On startup, the app launches a background pipeline that enriches parliamentary prints (tisky):

  1. Download PDFs from psp.cz for each print
  2. Extract plain text using PyMuPDF
  3. Classify topics using the configured LLM (falls back to keyword matching if the LLM is unavailable)
  4. Summarize each print in both Czech and English (bilingual AI summaries)
  5. Scrape legislative process histories from psp.cz HTML pages
  6. Discover related bills via zakon.cz cross-references
  7. Track law changes (affected existing laws) from legislative process pages

This data powers the vote detail pages (topic tags, AI summaries, legislative timelines, and tisk transcriptions).

Amendment Pipeline

The amendment pipeline enriches third-reading votes with detailed amendment data:

  1. Identify third-reading vote points from tisk legislative histories
  2. Download amendment PDFs from psp.cz and parse amendment text
  3. Scrape stenographic records for spoken-word context
  4. Merge PDF and steno data, resolve vote IDs and submitters
  5. Summarize each amendment with bilingual AI summaries
  6. Analyze coalition voting patterns (who voted together)
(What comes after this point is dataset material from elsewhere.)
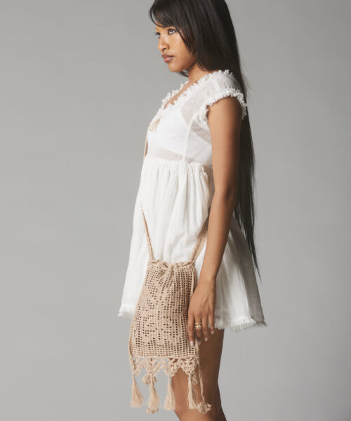 The Hook Bag is a 100% hand-crocheted bag with beautiful butterfly detailing, and magnetic snap closure. The bag is fully lined and also features cinchable pulls at the opening. The bag measures 7.5″ across x 10.5″ long and the strap measures 25.5″

This data powers the /amendments pages with per-amendment vote breakdowns and coalition analysis.

Admin Dashboard

A password-protected admin backend runs on a separate port (default 8001):

  • Pipeline Management — start/stop/monitor tisk and amendment pipelines per period
  • Runtime Config — edit LLM provider, model, and processing settings without restart
  • Log Streaming — real-time SSE-based log viewer
  • System Status — cache size, disk space, loaded periods, pipeline history
  • Authentication — bcrypt password + IP whitelist + session cookies

Documentation

Document Contents
Routes All HTTP endpoints — pages, API partials, chart images, health check, laws/amendments, admin routes
Services Data pipeline, analysis services, tisk pipeline, amendment pipeline, law service, LLM integration, admin
Templates Frontend structure, HTMX patterns, i18n, vote detail, laws, amendments, admin templates
Data Model Electoral periods, UNL format, table schemas, vote codes, tisk data, amendment data, configuration
Testing & CI/CD Test suite structure, fixtures, linting config, GitHub Actions workflows, contributing

License

Educational / OSINT project. Parliamentary data is public domain per Czech law.